Sin conocerla, Johann Wolfgang von Goethe nos advertía contra una fantasía como la goyesca, la cual es como el dolor que nos avisa de un peligro o, más aún, como una premonición de desastre. La fantasía de un sordo que desoyó las admoniciones de Novalis, quien, en una carta a su amigo Friedrich von Schlegel, escribiría en 1799 que «el sueño y la imaginación están hechos para el olvido. No debemos detenernos en ellos»6. Goya, arrastrado por su vigorosa intimidad, no pudo dejar de hacerlo, aunque nunca llegaría a convertir estos sueños de la imaginación en una mera delicuescencia psicológica. En el pintor aragonés no encontramos esa autocomplacencia narcisista de Heinrich Heine o de Jean Paul Richter, o ese abandono deliberado de Ludwig Tieck al ensueño romántico, a la caza furtiva de sentimientos incitadores de estados oníricos. La incontinencia fantástica de Goya no se debió a la exasperación del yo, sino a su herida mortal, una herida por la que el sujeto (y con el sujeto el mundo entero) se desangra y vacía en una delirante hemorragia de imágenes.
Grabar el Desastre
No deja de asombrarnos el destino reservado a las imágenes. Por una parte, las imágenes son vicarias de las cosas en la medida en que las suplantan para que podamos seguir disponiendo de ellas cuando ya no estén. Por otra parte, sin embargo, tienen el poder de distanciarnos de lo real para abrirnos a un universo de invención en el cual cualquier capricho, libertad o extravagante combinatoria puede jugarse sobre el fondo azaroso de la nada. En las posibilidades que nos abre esta facultad descansa la vertiente lúdica de lo imaginario goyesco, el lado diurno de la ensoñación del pintor, esa dimensión traviesa que acaba siendo una explosión de imágenes luminosas; pero también ese otro lado de lo imaginario con el que no se puede negociar, ese lado ineludible que, como el dolor y la enfermedad, nos deja desamparados, fuera del abrigo de todo refugio moral y huérfanos de cualquier Principio, ya se llame Dios, Razón o Humanidad: se trata del aspecto nocturno de las imágenes que nos conduce de disparate en disparate, de ausencia en ausencia, para acabar enfrentándonos con el último de los disparates. Es el Goya de las clausuras y las oclusiones, los locos y las prisiones; el Goya que va a acabar precipitándose en la sinrazón de las Pinturas negras y los Disparates, imágenes de una lucidez delirante que se mueven como huecos fantasmas o rígidas sombras por el negro Hades del aguatinta y que van a sacar el mundo y al artista fuera de sí hasta abandonarlos a la Intemperie. Aquella imaginación móvil y fluida, aquella fantasía proteica incapaz de detenerse en ningún resultado, de pronto y abruptamente, nos pone al borde de un precipicio tras el cual ya solo queda la caída.
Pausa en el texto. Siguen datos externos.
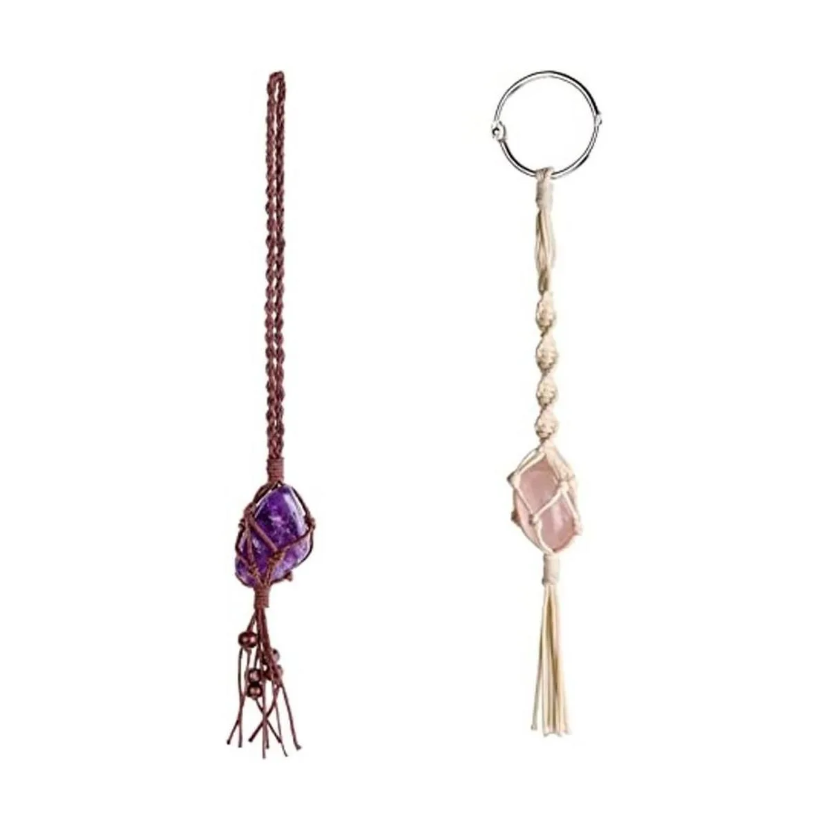 Juego de 2 colgantes de cristal para decoración de coche, un color es cuerda encerada blanca y cristal rosa, el otro color es cuerda encerada marrón y cristal morado. El cristal rosa simboliza el amor, y el cristal morado calma el estado de ánimo y el estrés. Estos son el regalo perfecto para el día de la madre, día del padre, pareja, amigos.
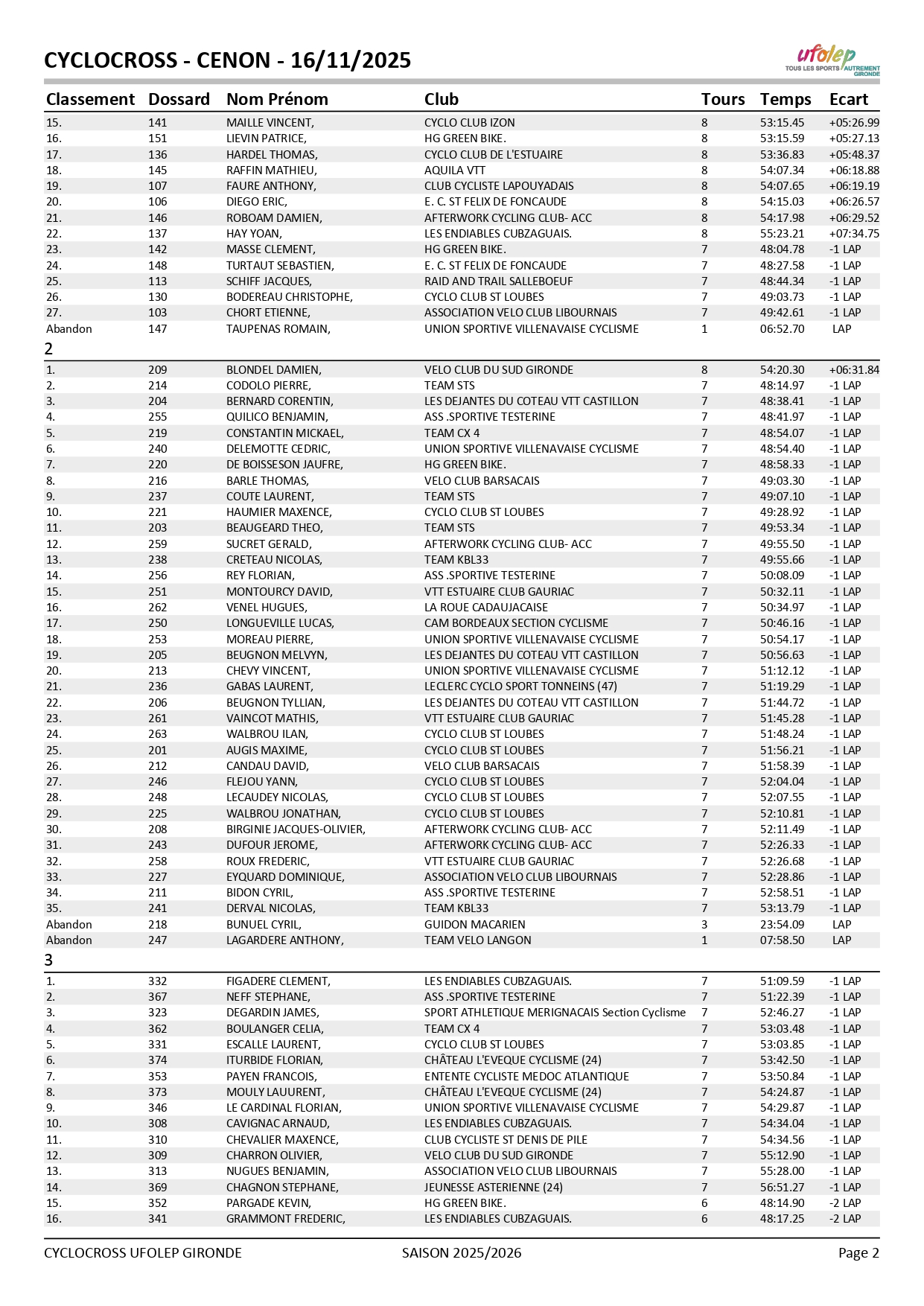 - Vendredi 21 novembre 2025 : Remise des challenges cyclosports UFOLEP 33 et établissement des calendriers cyclosports, cyclotourisme et sports natures pour la saison 2025/2026

De esta manera, en nuestro viaje por esa región de continua apertura y de inagotable novedad que constituye el reino de lo imaginario, acabamos topándonos con ese monstruo que la vida siempre ha querido conjurar, precisamente la madre de toda novedad, como llama a la sombra de la muerte Giacomo Leopardi, el más atormentado y pesimista de los poetas románticos. Diríamos que en los Disparates se ha consumado la oclusión del horizonte de sentido que se había iniciado en los campos de muerte y destrucción de los Desastres, si no fuera porque la muerte, como la vida, también es una imagen, la más sarcástica de ellas: una pura y simple imagen, pues no tenemos otra representación de ella que la del muerto, y este no se parece a nada salvo a sí mismo.